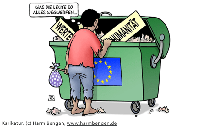 „Auf dem EU-Gipfel wurden drastische Maßnahmen vereinbart: Flüchtlinge sollen innerhalb Europas in geschlossene Lager gesperrt werden, im Mittelmeer Gerettete will man auf nicht näher definierten »Ausschiffungsplattformen« abladen und die dubiosen Milizen der sogenannten »libyschen Küstenwache« bekommen noch mehr Geld.“
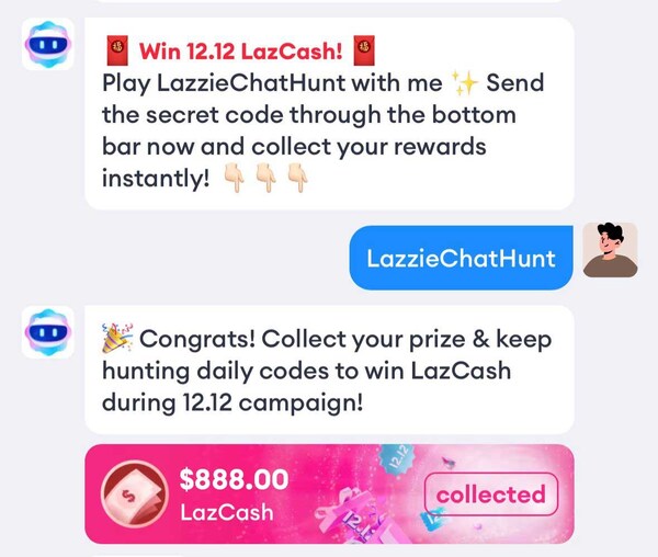 12.12's #LazzieChatHunt campaign saw 6 million AI engagements for LazCash and LazRewards redemption - more than double that of 11.11.
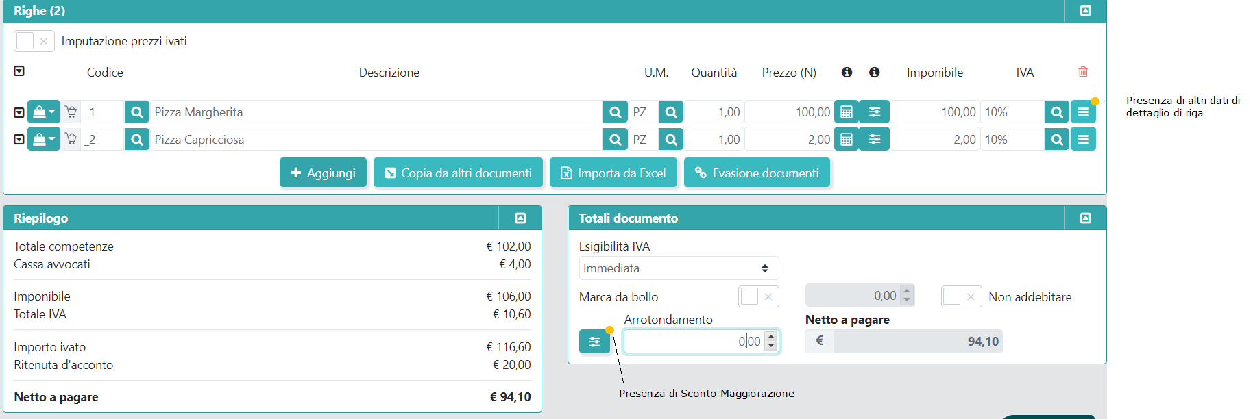4. Altri dati di riga e Sconto/Maggiorazione: messa in evidenza della loro presenza tramite puntino arancione sul pulsante

**What is required:**
Copy the material above word for word, images excluded.

**Answer to the problem:**
 „Auf dem EU-Gipfel wurden drastische Maßnahmen vereinbart: Flüchtlinge sollen innerhalb Europas in geschlossene Lager gesperrt werden, im Mittelmeer Gerettete will man auf nicht näher definierten »Ausschiffungsplattformen« abladen und die dubiosen Milizen der sogenannten »libyschen Küstenwache« bekommen noch mehr Geld.“
 12.12's #LazzieChatHunt campaign saw 6 million AI engagements for LazCash and LazRewards redemption - more than double that of 11.11.
4. Altri dati di riga e Sconto/Maggiorazione: messa in evidenza della loro presenza tramite puntino arancione sul pulsante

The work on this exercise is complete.